The influence of the extracellular fluid volume on the tubular reabsorption of uric acid

Changes is tubular reabsorption of uric acid in response to alterations in the extracellular fluid volume (ECFV) were examined in rats by clearance studies and by direct intratubular microinjections. Contraction of the ECFV led to a rise in the serum uric acid concentration and a 47% decrease in the clearance of uric acid. The ratio of uric acid to inulin clearance also fell, indicating an increase in the net tubular reabsorption of urate. Volume expansion resulted in an increase in the urate clearance and a 37% decrease in the net tubular reabsorption of uric acid. To localize the site in the nephron where these changes occur, microinjections of [2-14C]urate were performed.

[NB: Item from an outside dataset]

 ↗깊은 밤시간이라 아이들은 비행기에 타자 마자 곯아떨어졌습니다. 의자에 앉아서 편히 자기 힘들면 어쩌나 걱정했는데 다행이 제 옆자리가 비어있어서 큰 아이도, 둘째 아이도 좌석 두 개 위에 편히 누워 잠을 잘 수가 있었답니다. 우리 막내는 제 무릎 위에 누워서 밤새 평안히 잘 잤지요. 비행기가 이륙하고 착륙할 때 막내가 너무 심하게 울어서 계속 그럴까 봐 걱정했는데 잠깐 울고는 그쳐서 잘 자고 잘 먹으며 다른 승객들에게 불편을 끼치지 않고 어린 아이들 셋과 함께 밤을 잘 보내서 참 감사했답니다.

The lack of conversion of radioactive urate to allantoin after microinjections was demonstrated by thin-layer chromatography. After contraction of the ECFV, urinary recoveries of uric acid were significantly decreased after microinjections into proximal tubular sites. In contrast, recoveries were increased from these proximal sites after volume expansion. No evidence for distral reabsorption was obtained in any group of animals. These studies demonstrate that net urate reabsorption is influenced by the state of hydration of the ECFV and that these alterations are mediated by changes in the rates of reabsorption in the proximal tubule.